News of the Week 06-07-15

The Cache Humane Society is located in the Cache Valley, an area of northern Utah and southeast Idaho that has over 100,000 residents. The shelter’s website states that it is open admission and is the only shelter serving Cache Valley. In 2014 Cache Humane Society became one of 50 (now 52) participants in the No Kill Utah program (NKUT). NKUT was launched by Best Friends in 2014. The shelter reports that it has been at a live release rate of over 90% in each of the last three months and is over 90% for the year so far. Director Roland Bringhurst says he has been pursuing the No Kill goal since he took over two years ago. The problem area has been cats, and the shelter has started TNR and barn cat programs to bring up their live release rate.
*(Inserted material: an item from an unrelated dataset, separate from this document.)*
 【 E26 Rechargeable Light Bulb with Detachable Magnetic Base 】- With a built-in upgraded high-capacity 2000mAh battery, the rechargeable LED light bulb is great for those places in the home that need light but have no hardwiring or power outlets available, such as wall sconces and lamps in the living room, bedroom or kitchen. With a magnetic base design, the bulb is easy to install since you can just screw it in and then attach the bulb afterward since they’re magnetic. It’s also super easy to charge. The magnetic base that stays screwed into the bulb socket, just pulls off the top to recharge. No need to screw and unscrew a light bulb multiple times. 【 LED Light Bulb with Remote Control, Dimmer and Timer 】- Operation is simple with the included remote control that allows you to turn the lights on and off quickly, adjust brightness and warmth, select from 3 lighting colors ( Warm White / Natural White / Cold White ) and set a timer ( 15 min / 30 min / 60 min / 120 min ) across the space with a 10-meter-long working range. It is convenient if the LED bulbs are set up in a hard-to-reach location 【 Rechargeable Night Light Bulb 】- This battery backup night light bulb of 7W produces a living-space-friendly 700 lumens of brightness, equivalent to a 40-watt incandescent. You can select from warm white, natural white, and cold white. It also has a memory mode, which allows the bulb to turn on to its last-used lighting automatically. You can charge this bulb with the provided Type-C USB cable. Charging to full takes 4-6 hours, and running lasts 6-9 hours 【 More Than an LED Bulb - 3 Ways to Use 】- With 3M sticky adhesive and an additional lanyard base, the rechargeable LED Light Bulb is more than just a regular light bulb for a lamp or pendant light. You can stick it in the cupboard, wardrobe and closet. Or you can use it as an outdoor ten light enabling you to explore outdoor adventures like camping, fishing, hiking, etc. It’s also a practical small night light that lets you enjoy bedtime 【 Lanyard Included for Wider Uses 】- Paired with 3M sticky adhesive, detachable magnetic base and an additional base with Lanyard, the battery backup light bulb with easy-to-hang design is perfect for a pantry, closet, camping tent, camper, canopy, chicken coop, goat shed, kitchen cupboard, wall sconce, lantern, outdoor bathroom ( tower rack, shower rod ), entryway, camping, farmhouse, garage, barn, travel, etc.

There were several more stories this week about new animal shelter buildings. This really seems to be a trend. Some of the venues for new shelters are Broward County, Florida; the Animal Shelter of the Wood River Valley (which says it is the first No Kill shelter in Idaho); The Tree House Humane Society in Chicago (their planned facility sounds wonderful); Denton, Texas (their new shelter helped them hit a 90% live release rate); Aiken County, South Carolina (they are now able to keep the animals healthy); Johnson City, Tennessee (their new shelter is more than four times bigger than the old one and has a donated electronic sign that will feature adoptable animals); and Haywood County, North Carolina (they had an 80% live release rate last year and hope to do even better).
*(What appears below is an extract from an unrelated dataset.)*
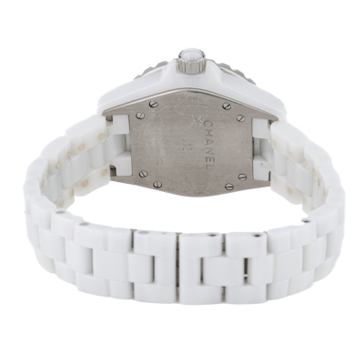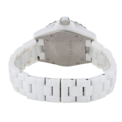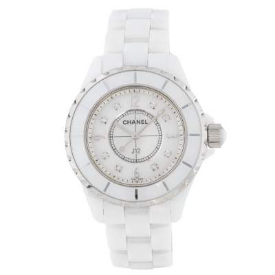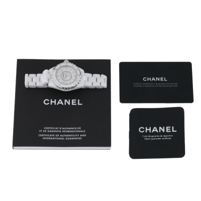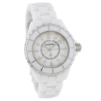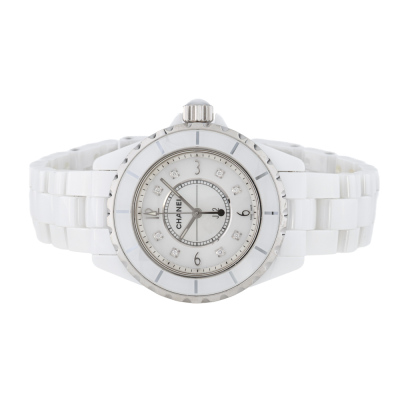 Chanel J12 white ceramic and stainless steel quartz watch. Mother of Pearl dial, Diamond indicators, case diameter: 33mm, wrist size: 17.5cm, Swiss made. Ref# H2422. With Chanel white ceramic bracelet and clasp. With Certificate of Authenticity, Chanel International Warranty card dated 13/08/2011 and Chanel box. 3 month FSA warranty. Weight: 103.0g

Maddie’s Pet Adoption Days on May 30 and 31 were an enormous success, with almost 5300 dogs and cats adopted from over 100 locations by 89 participating organizations. Maddie’s reports that in many locations people were lined up before the doors opened.


The Sacramento County animal shelter has opened up a catfe.
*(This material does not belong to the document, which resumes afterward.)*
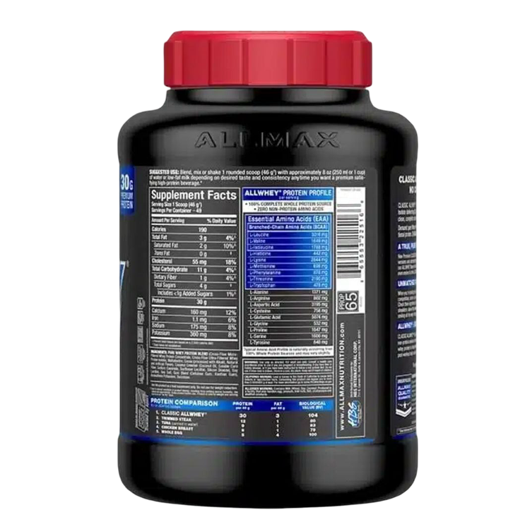 پروتئین آل وی کلاسیک آلمکس (AllWhey Classic) از برند AllMax یک مکمل پروتئینی شناختهشده است که برای تامین پروتئین موردنیاز بدن، بهویژه در ورزشکاران و افراد فعال طراحی شده است. این مکمل در دستهی پروتئینهای وی (Whey Protein) قرار دارد و ترکیبی از کنسانتره و ایزولهی پروتئین وی است. در ادامه اطلاعات بیشتری درباره این محصول ارائه میشود:

It’s official – the town of Calistoga, California, has formalized a deal for animal sheltering services from the Petaluma Animal Services Foundation (PASF), which runs the No Kill shelter in Petaluma. Dubuque County, Iowa, has also approved its proposed deal with Whispurring Hope Rescue to take over most animal control duties in the county and adopt out animals.


Oftentimes companion animals who are used in research are not given much thought because the public never knows about them.  A new law was passed in Nevada that protects animals that survive the laboratory in good enough condition to be rehabbed and adopted out. Before the law was passed, such animals were often killed when their usefulness to the laboratory ended. The Nevada Humane Society will be taking in the animals and rehabbing them and finding them homes. NHS director Kevin Ryan says 96% of them are Beagles.


The Animal Foundation, a non-profit, recently won the contract to continue running the shelter for Clark County, Nevada, over a strong competing bid made by No Kill Las Vegas (NKLV). The Animal Foundation has now put forward their plan to go No Kill. The bad news is that it’s a five-year plan. The good news is that they are going to be working on a TNR program with Best Friends. NKLV leader Bryce Henderson said that the plan is a giant step in the right direction. NKLV has 1600 members and their ability to put forward a credible bid for such a large contact (the shelter took in about 34,000 dogs and cats in 2014) was impressive.


San Antonio Pets Alive! has taken in 700 animals since April, an unusually high volume due to the recent flooding in Texas. SAPA adopted out 6,000 pets last year.